A complete reference for integrating the FHIR Risk Assessment Engine into your Medicare Advantage workflow

Quick Navigation

This guide walks you through the engine end-to-end:

1
Understand the Engine

Learn what the risk assessment engine does and why it matters for Medicare Advantage compliance.

Go to Section 1
2
Send Data to the Engine

Learn the accepted FHIR resource formats, required fields, and how to structure your API requests.

Go to Section 2
3
Interpret the Output

Understand every field in the API response, what each risk level means, and how to act on the results.

Go to Section 3
4
End-to-End Walkthrough

Follow a complete example from building a FHIR Bundle to reading the assessment results.

Go to Section 4

[1] Engine Purpose

What This Engine Does

The FHIR Risk Assessment Engine evaluates diagnosis codes submitted by Medicare Advantage organizations to identify codes that are likely to be flagged in CMS or OIG audits. It cross-references each diagnosis against supporting clinical evidence — encounters, medications, and procedures — to determine whether the code is adequately supported.

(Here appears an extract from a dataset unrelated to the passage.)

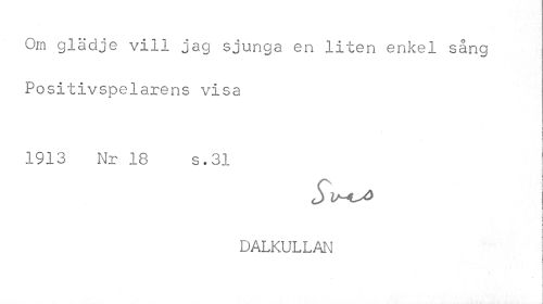 //// Om glädje vill jag sjunga en liten enkel sång Positivspelarens visa //// 1913 Nr 18 s.31 ! //// I //// 1 i i //// DALKULLAN ////

In plain terms: You send patient diagnosis data in FHIR format, and the engine tells you which codes look risky and why — before an auditor does.
Why It Matters

CMS recovers billions annually from Medicare Advantage plans through Risk Adjustment Data Validation (RADV) audits. The OIG has identified specific diagnosis categories that are frequently miscoded, leading to improper payments. This engine targets the four highest-risk categories:

Acute Stroke HCC 100

Stroke codes used in outpatient settings without an inpatient stay are a top audit target. Often "history of stroke" is the correct code.

Acute MI HCC 86

Acute heart attack codes without a matching inpatient admission within 60 days suggest potential miscoding as "old MI."

Embolism HCC 107/108

Embolism diagnoses without anticoagulant prescriptions within 90 days often indicate the condition is historical, not active.

Lung Cancer HCC 9

Active lung cancer codes without radiation, chemo, or surgery within 6 months suggest the patient may be in remission.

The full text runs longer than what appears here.